Over £1bn of capital was invested in UK industrial and logistics property in the first half of 2013, more than the total volume transacted last year, according to new research from leading property advisers CBRE.
The South West market performed considerably well during this period, with 742,000 sq ft of take-up. The largest deal so far this year was in Swindon, where Howard Tenens took 237,000 sq ft as part of their expansion of operations in Wiltshire.
In and around Bristol, Culina Logistics took space in one of the few new buildings available in the South West, acquiring 212,000 sq ft of Crossflow 550 on Cabot Park. However, the deal required the unit to be split, leaving 338,220 sq ft remaining.

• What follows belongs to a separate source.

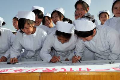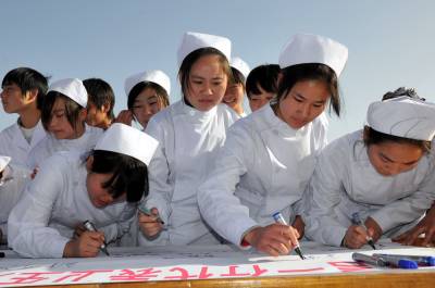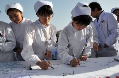 11月11日下午,湖北省郧县卫生系统在郧阳文化广场隆重举行”万名医生进社区,万名医师下基层大型义珍暨医德医风承诺签名仪式”。来自城区7家医疗单位和各乡镇医院院长和卫生局,卫生监督局机关领导干部600余人在医德医风承诺公开书上签下了自已的名子,随后在广场上举行了义诊服务和免费发放药品。图1为郧县人民医院医护人员在医德医风承诺公开书上签名时的情景。图2为郧县中医院医护人员在广场上为老人们义诊时的情景。周家山湖北省郧县城管大队电话13872840078邮编442500

James Morgan, Head of Industrial Agency and Development at CBRE Bristol, commented: “We have witnessed a resurgence in buyers eyeing quality UK industrial and logistics property this year, driven by compelling evidence of the sector’s performance relative to other asset classes. Occupier markets continue to thrive and the resulting lack of prime stock has led to a surge in design and build activity in the best markets.
“However, with the exception of Crossflow 550, there are very few good quality buildings available in the South West. This is presenting difficulties for occupiers, particularly those with immediate requirements. Although pleasingly there are a number of sites across the region, particularly in the Bristol area, that could deliver new space on a built to suit basis.”